Yoichi Iijima

Personal information
- Full name: Yoichi Iijima
- Nationality: Japan
- Born: 21 October 1978 (age 47) Tokyo, Japan
- Height: 173 cm (5 ft 8 in)
- Weight: 72 kg (159 lb)

Sailing career
- Sport: Sailing
- Club: Laser Zuyo Fleet
- Coached by: Tomoyuki Sasaki
- Class: Dinghy

Medal record
Men's sailing
Representing Japan
Asian Games
| Silver medal – second place | 2006 Doha | Laser |

= Yoichi Iijima =

Japanese sailor (born 1978)

Yoichi Iijima (飯島 洋一, Iijima Yoichi) is a Japanese sailor, who specialized in the Laser class. He nabbed a silver medal in men's Laser at the 2006 Asian Games in Doha, Qatar, and was selected to the Japanese sailing team at the 2008 Summer Olympics, finishing thirty-fifth in the process. Throughout his sporting career, Iijima trained for Laser Zuyo Fleet in Kanagawa under his longtime coach Tomoyuki Sasaki.
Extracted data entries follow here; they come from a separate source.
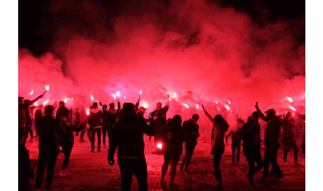 Altay taraftarı, kulüplerinin kuruluşunun 108. yılını meşale şovu yaparak kutladı.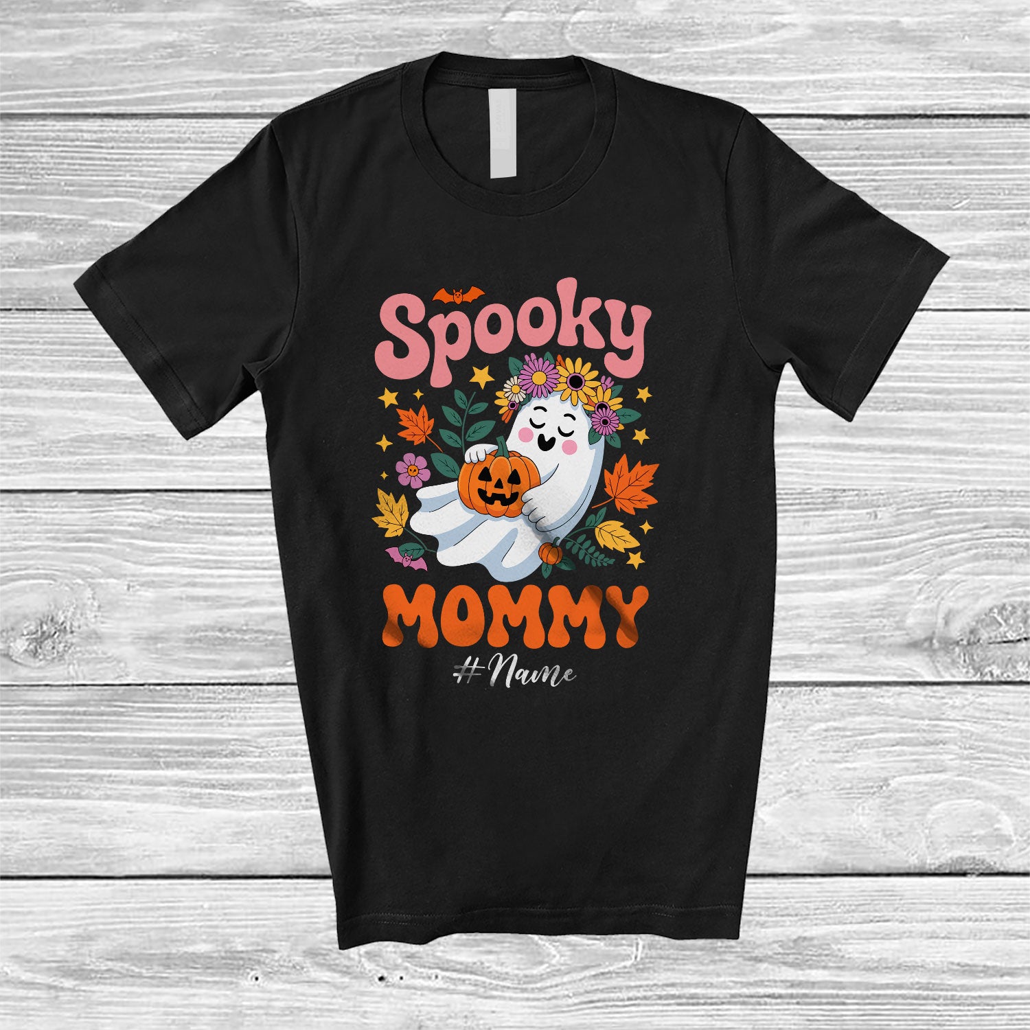 Personalized Custom Name Spooky Mommy; Adorable Halloween Boo Ghost Flowers Floral; Family T-Shirt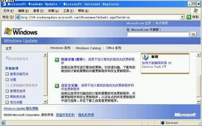 WindowsUpdate网站可能是大多数人访问最多的补丁下载网站了。V5版本的WindowsUpdate在XPSP2里面全面启用(如图6所示),新版本的WindowsUpdate将更新分作2个层次:快速和定制。快速安装模式只下载重要更新,而定制更新模式可以定制需要的更新程序。另外,V5版的WindowsUpdate允许隐藏更新,对于不需要的更新,用户可以将它们隐藏。下次访问WindowsUpdate的时候将不再提示是否安装被隐藏的更新。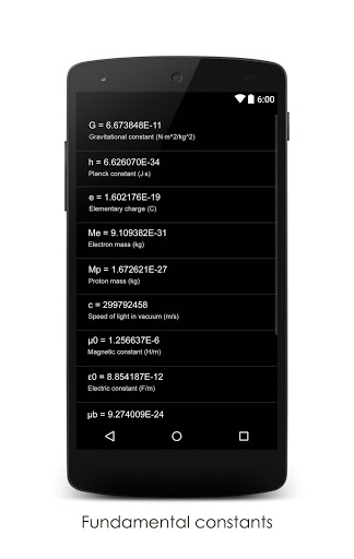 This app is scientific calculator with the ability to edit your printed data . Here is also list of fundamental physical constants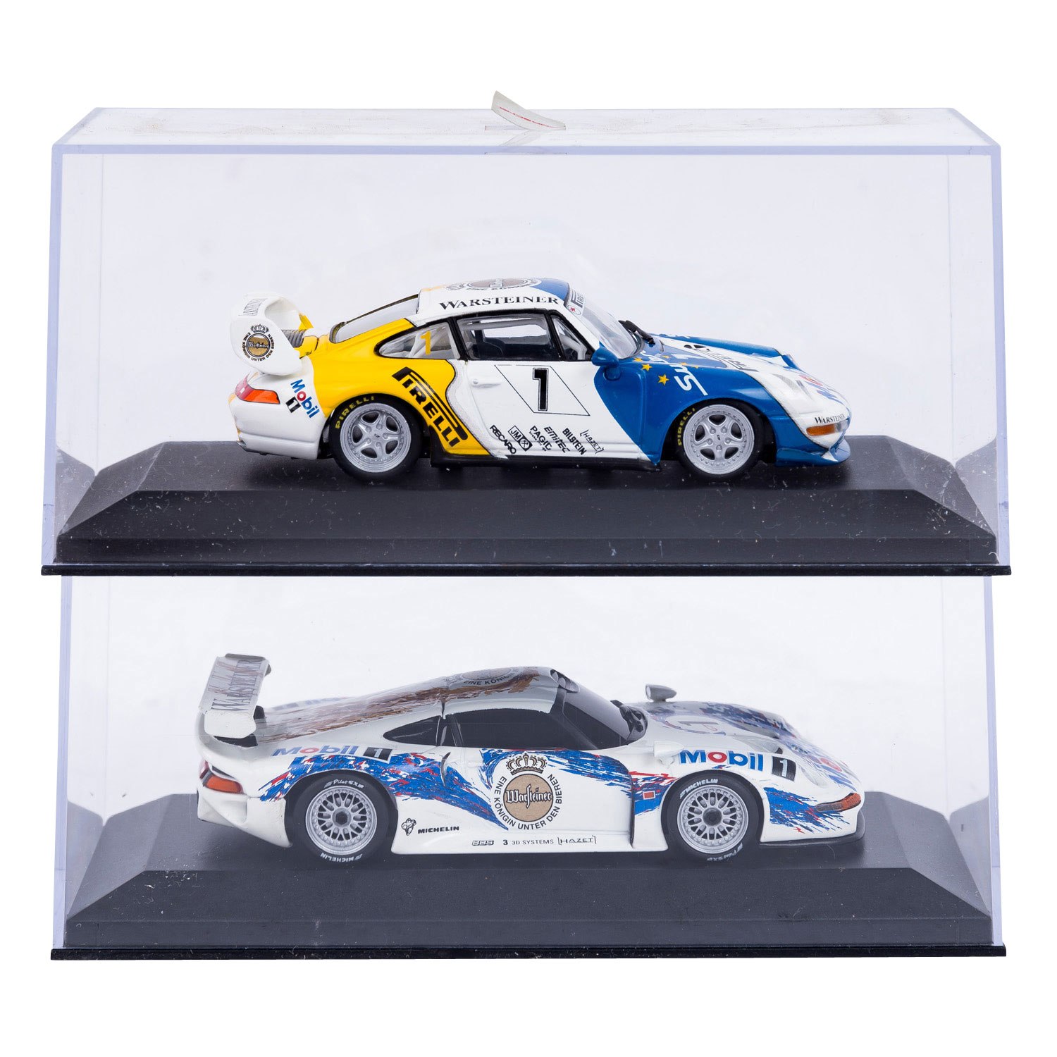 2.) Paul´s Model Art/ Minichamps, Porsche 911 Cup 3.8, Metal 1:43, WAP 020 030, in Originalverpackung. Jeweils Alters- und Gebrauchsspuren.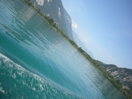 優雅的THUN湖湖水是綠色的,美極了,可是我們仨卻表情呆滯,面露疲色。這才知道早上的健行,已經在我們這城市鄉巴佬身上發生作用了,好加在當時沒有傻呼呼跟著人翻過山去,否則現在恐怕只能兩腿發軟地蹲在荒郊野地,再美的風景也不能給我們力氣呀!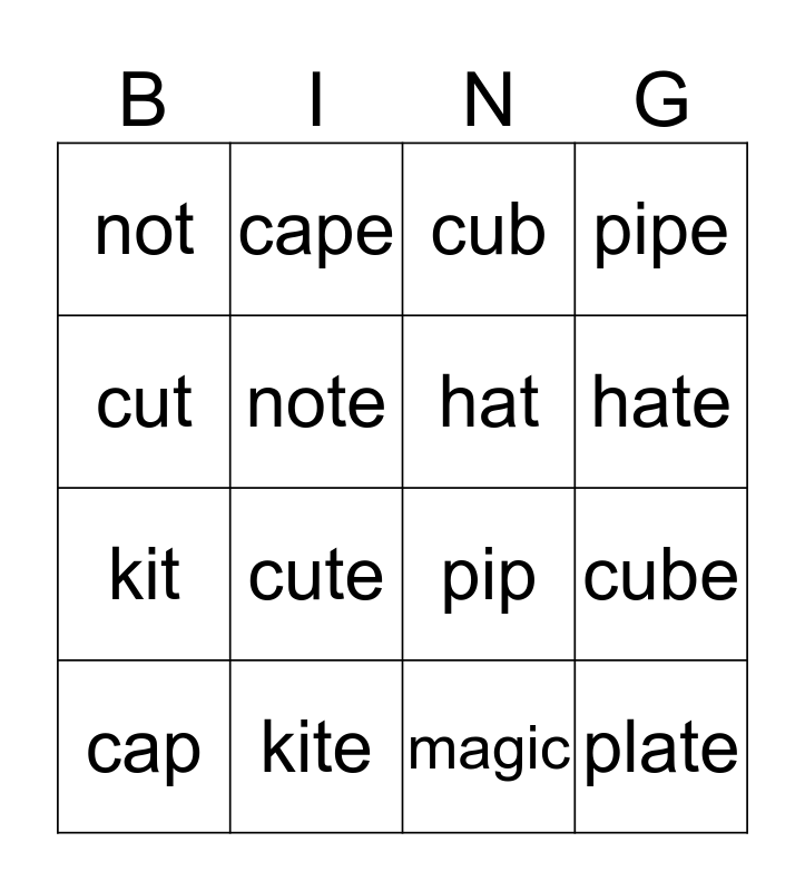 This bingo card has 17 words: Free!, cap, cape, cub, cube, cut, cute, hat, hate, kit, kite, pip, pipe, not, note, magic and plate.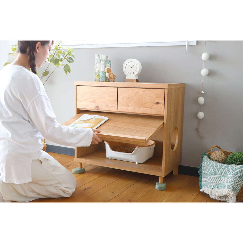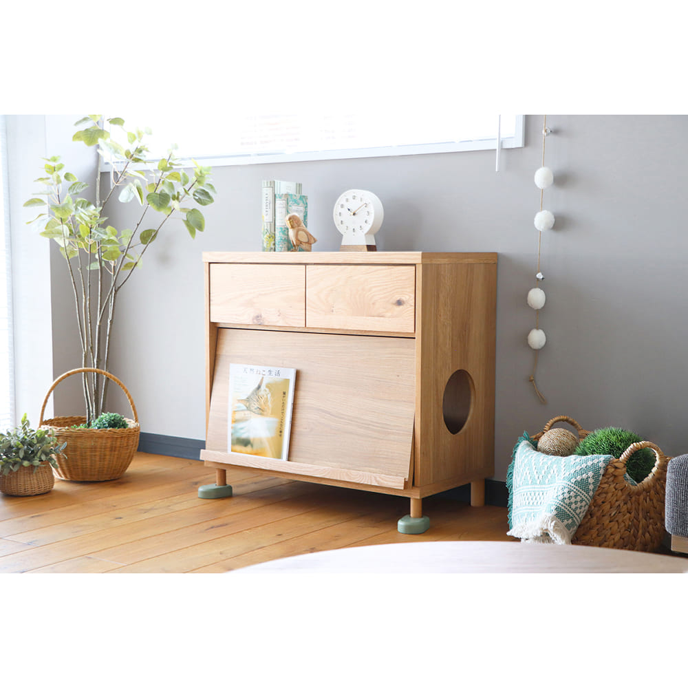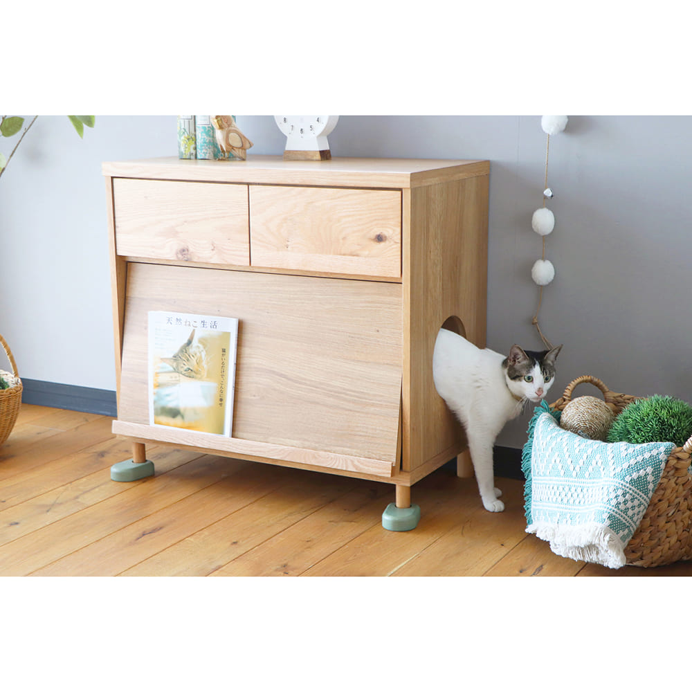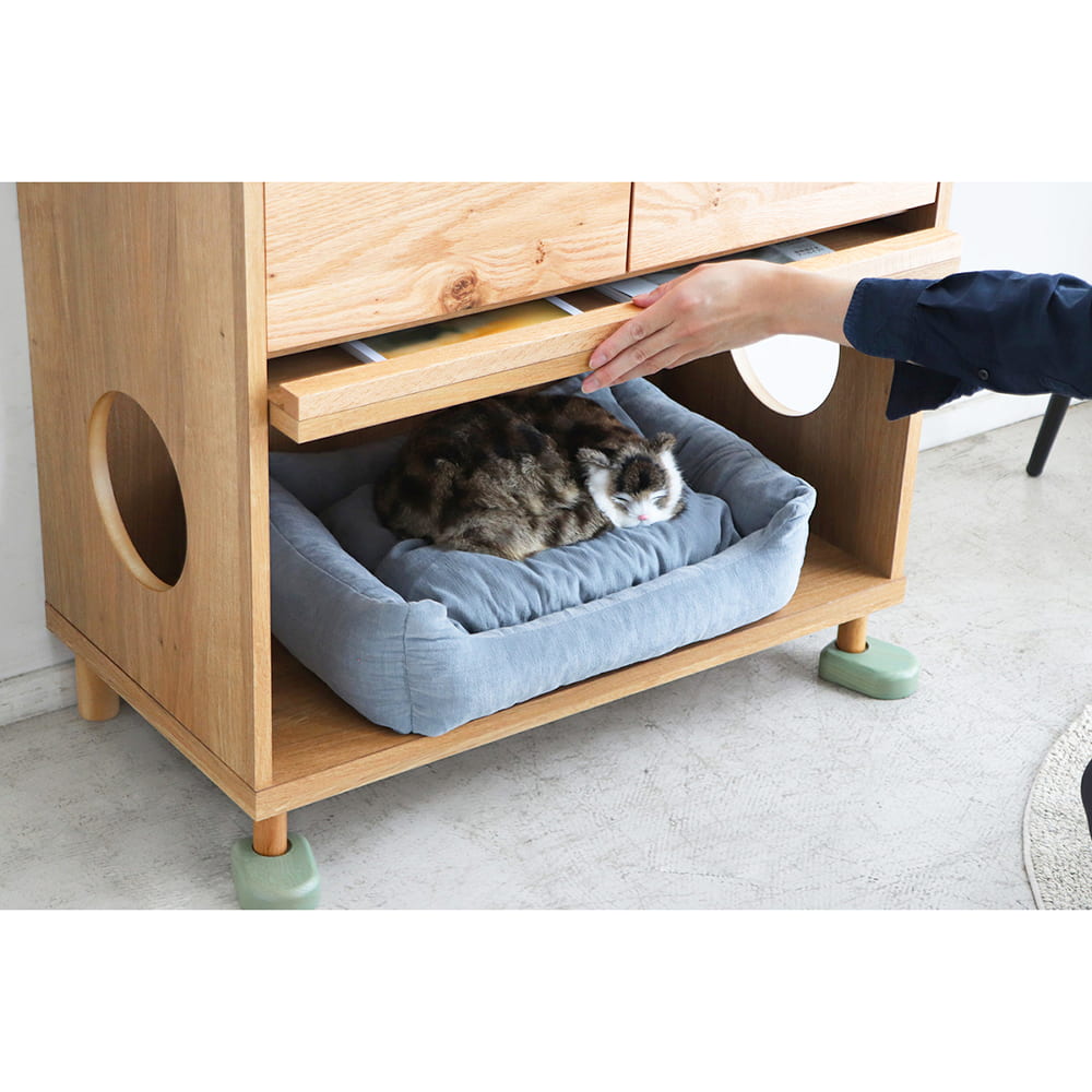 ◆天然木の温かみを感じる、ナチュラルデザインの収納アイテム。◆高い場所への登り降りが苦手な子や、猫ちゃんが素早く登れるように考えた階段状のデザインです。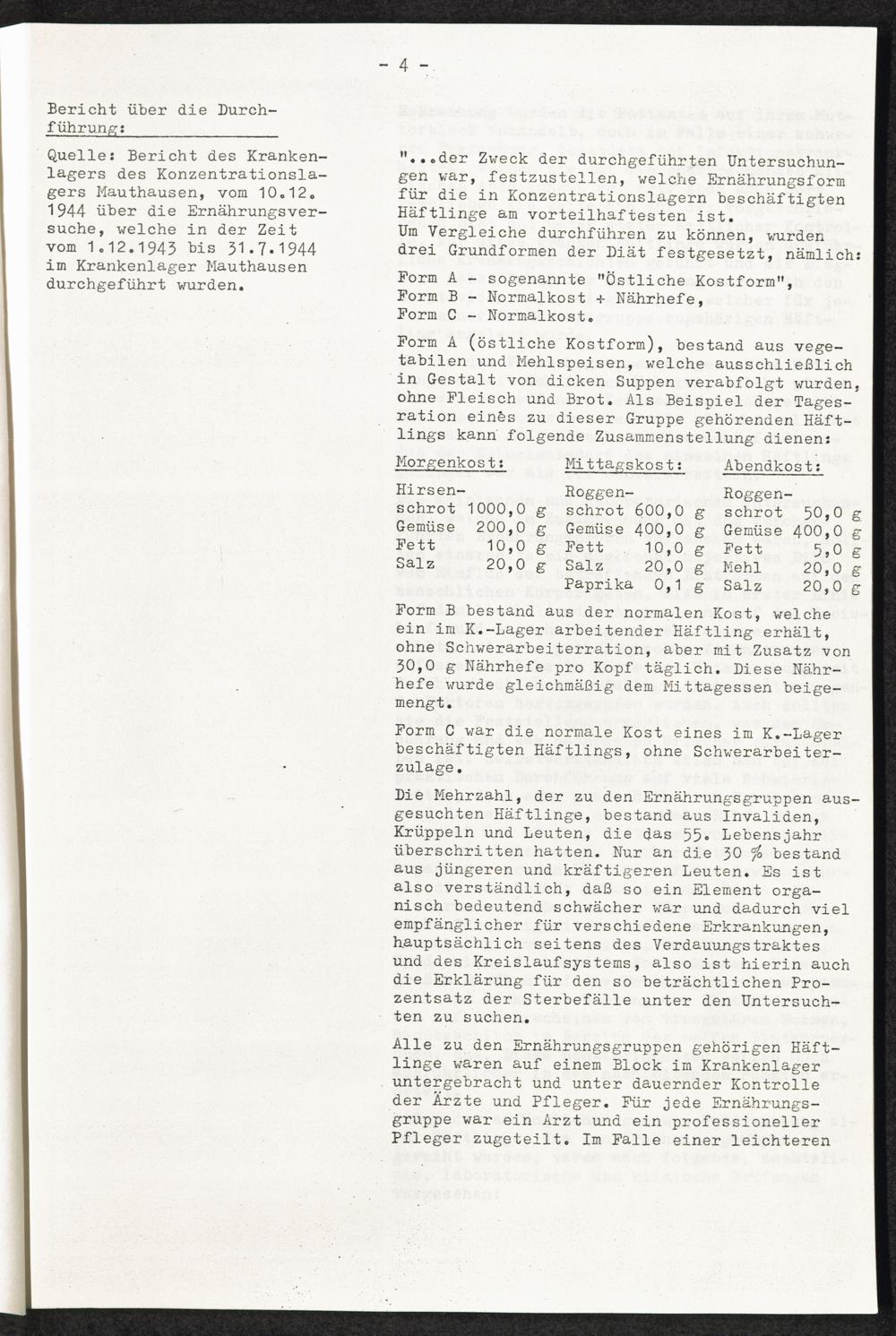 Pseudo-medizinische Versuche im KL Mauthausen Medizinische Menschenversuche: Ernährungsversuche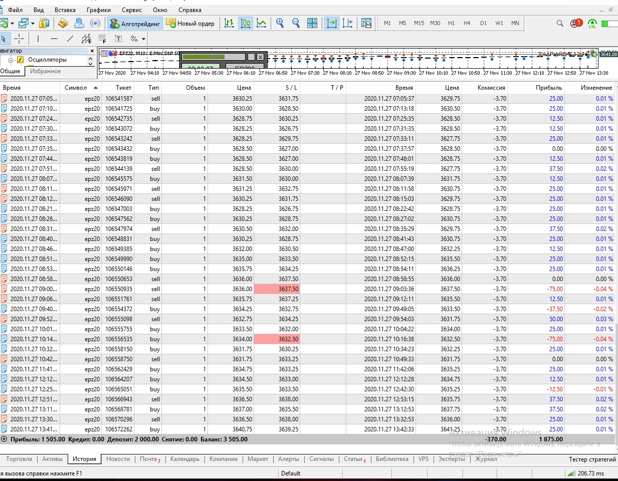 Булат, у вас с каждым разом все лучше и лучше получается. Обратите, пожалуйста, внимание, что во втором скрине сделки были открыты и закрыты по касанию. На реальном терминале это будут или не открытые сделки или минусовые. . Так как на реале для открытия сделки она должна на один тик перейти цену вами выставляемую для ее открытия. Это важный момент для вас.

Born in Tokyo, Iijima burst onto the international sailing scene at the 2006 Asian Games in Doha, Qatar, where he picked up the silver medal in the Laser class with 31 marks, edging out the defending Asian Games champion Kim Ho-kon of South Korea by a close, four-point margin.

At the 2008 Summer Olympics in Beijing, Iijima qualified for the Japanese team in the Laser class after having secured a berth and finishing tenth from the Laser World Championships in Terrigal, New South Wales, Australia. Iijima sailed brilliantly from the start with satisfying marks, but a black flag penalty in the middle leg of the eleven-race series, a disastrous eighth-leg feat, and a cancellation of the last race due to inclement weather dropped him to thirty-fifth in the overall leaderboard with a net grade of 235.